▶ _GIVEN RECORDS_
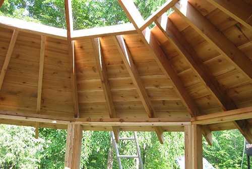 Для укрепления крыши обязательно используются поперечины. Размещать поперечины нужно в средней части каждого из скатов, формирующих крышу, которая в итоге будет иметь форму зонтика.
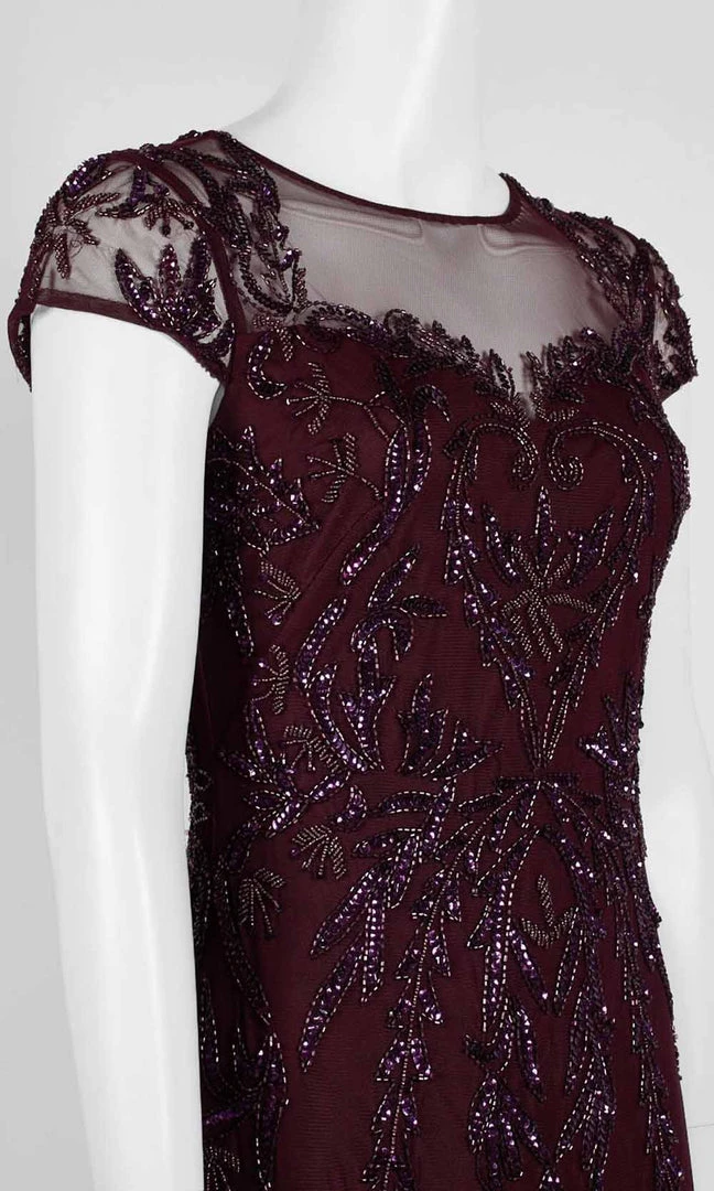 | Details: | Embellished, Sheer yoke, Cap sleeves, Beaded, Fully lined, Slim A-line, Back zipper closure |
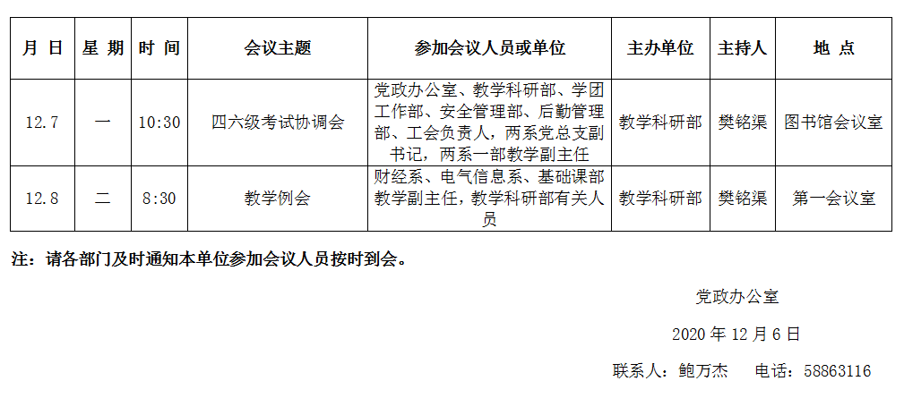 濟(jì)南校區(qū)第十五周會(huì)議安排
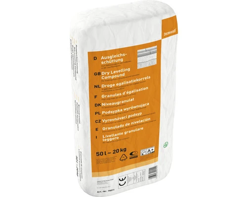 efficiënte opbouwen voor geluidisolatie, brandwerendheid en warmte isolatie maken. De droge egalisatiekorrels zijn specifiek geschikt voor de toepassing onder Fermacell Vloerelementen en Fermacell Powerpanel Vloerelementen. Bij storthoogten >100 mm en
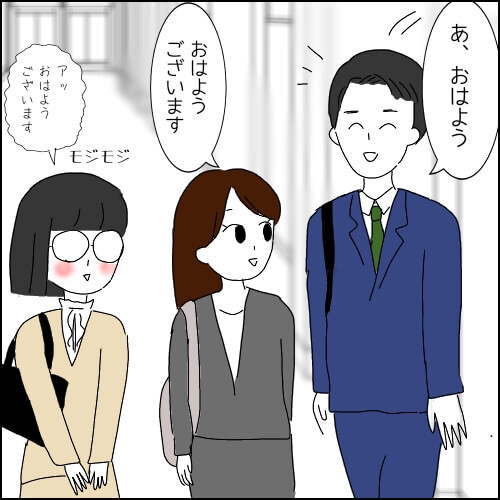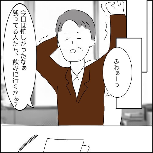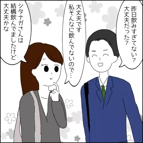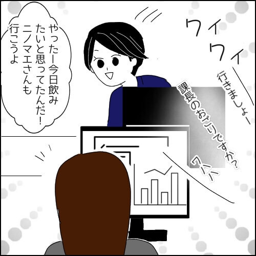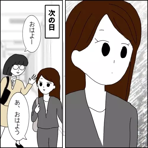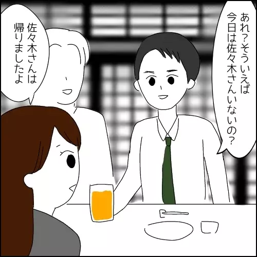そして翌日。佐々木さんと出勤中に会い、そこへヨシダさんが「昨日飲みすぎてない?」と声をかけてくる展開。一さんとヨシダさんが「飲み会の話」で盛り上がる横で、佐々木さんの表情が……。自分だけ誘われなかった飲み会の存在を、目の前で知ってしまったわけです。
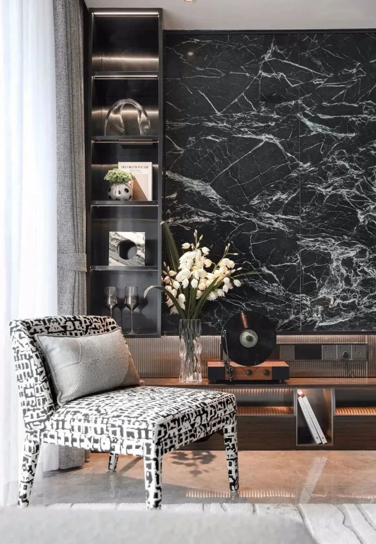 ห้องพักสร้างความน่าทึ่งและสง่างามทันทีโดยการใช้หินอ่อนสีดำ มันดูดีบนพื้นกรอบประตูหรือชิ้นส่วนสำเนียงที่มีพื้นหลังสีเข้มและเส้นเลือดที่สะดุดตา เพียงแค่ใช้มันเท่าที่จำเป็นเพราะสีดำมากเกินไปบางครั้งอาจให้ความรู้สึกเย็นหรือหนัก
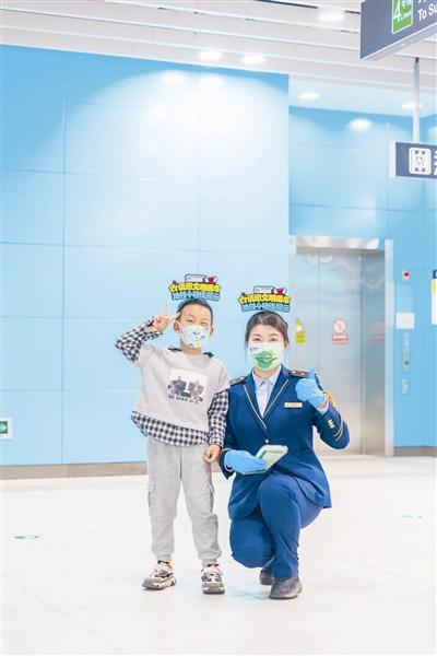 4号线“亲情服务台”旁设置有“繁华4锦 绿色出行”宣传展架,通过漫画的形式,宣传疫情防护、文明乘车的小知识。工作人员佩戴“请您文明乘车”发夹,活泼新颖的提示方式吸引了很多小朋友。与此同时,定制的“微笑服务”口罩,让佩戴者可以时刻保持微笑服务,绿色清新的设计,也象征着低碳、文明出行。发夹和口罩同时在现场发放,在为乘客提供防疫用品的同时,也让乘客更加了解首末班车时间、文明公约和防疫公约等运营信息。
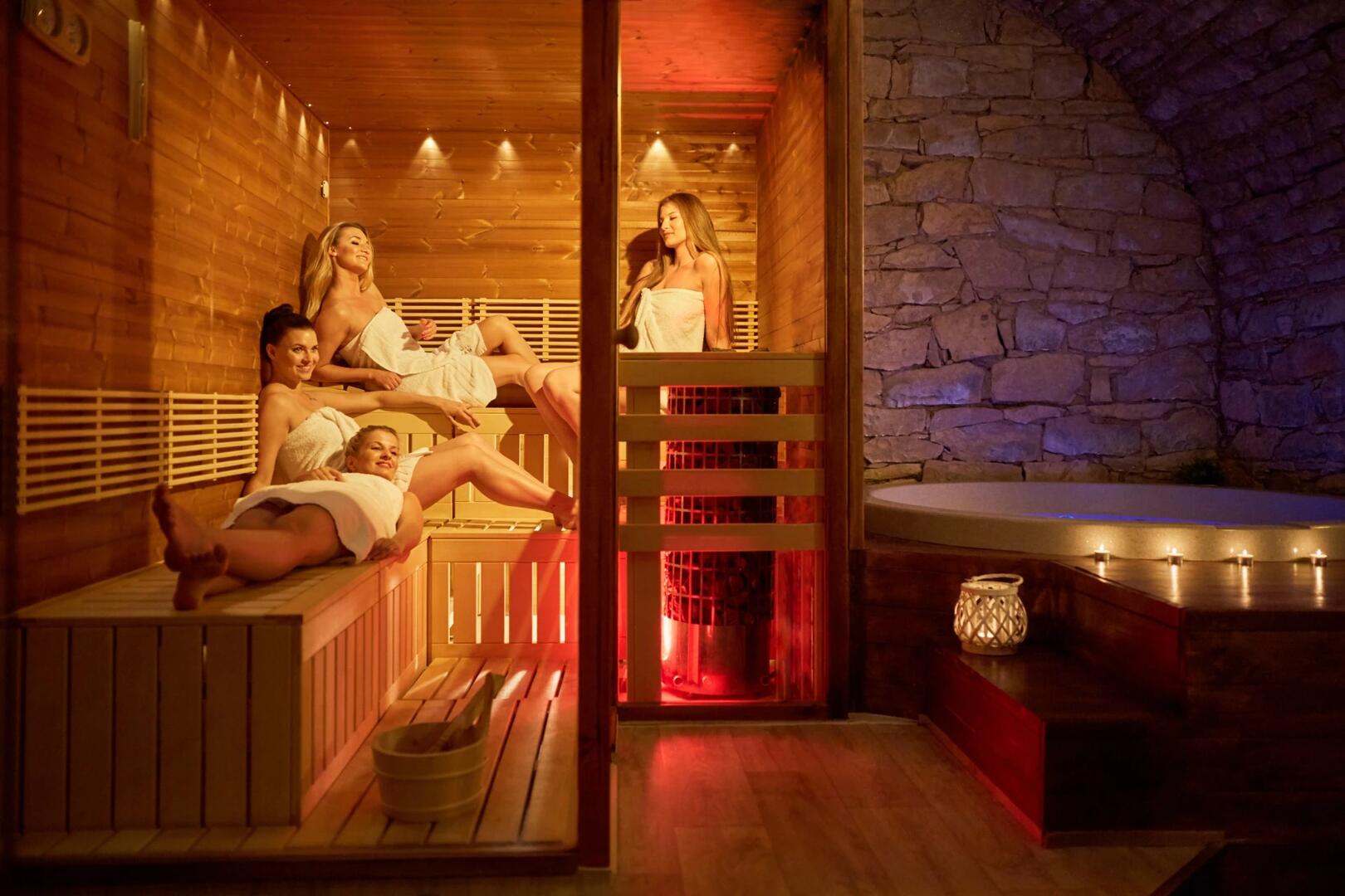 V apartmánu jedna se nachází prostorný moderní whirlpool pro až 8 osob. Whirpool disponuje několika hydromasážními tryskami a volitelným osvětlením. Součástí apartmánu je dále sauna pro 2 osoby, lůžko pro relaxaci, posezení a vinotéka.

▶ _PROBLEM DESCRIPTION_
Up to and including the line that contains "濟(jì)南校區(qū)第十五周會(huì)議安排", print the records above exactly from their first line, without any pictures.

▶ _SOLUTION BELOW_
 Для укрепления крыши обязательно используются поперечины. Размещать поперечины нужно в средней части каждого из скатов, формирующих крышу, которая в итоге будет иметь форму зонтика.
 | Details: | Embellished, Sheer yoke, Cap sleeves, Beaded, Fully lined, Slim A-line, Back zipper closure |
 濟(jì)南校區(qū)第十五周會(huì)議安排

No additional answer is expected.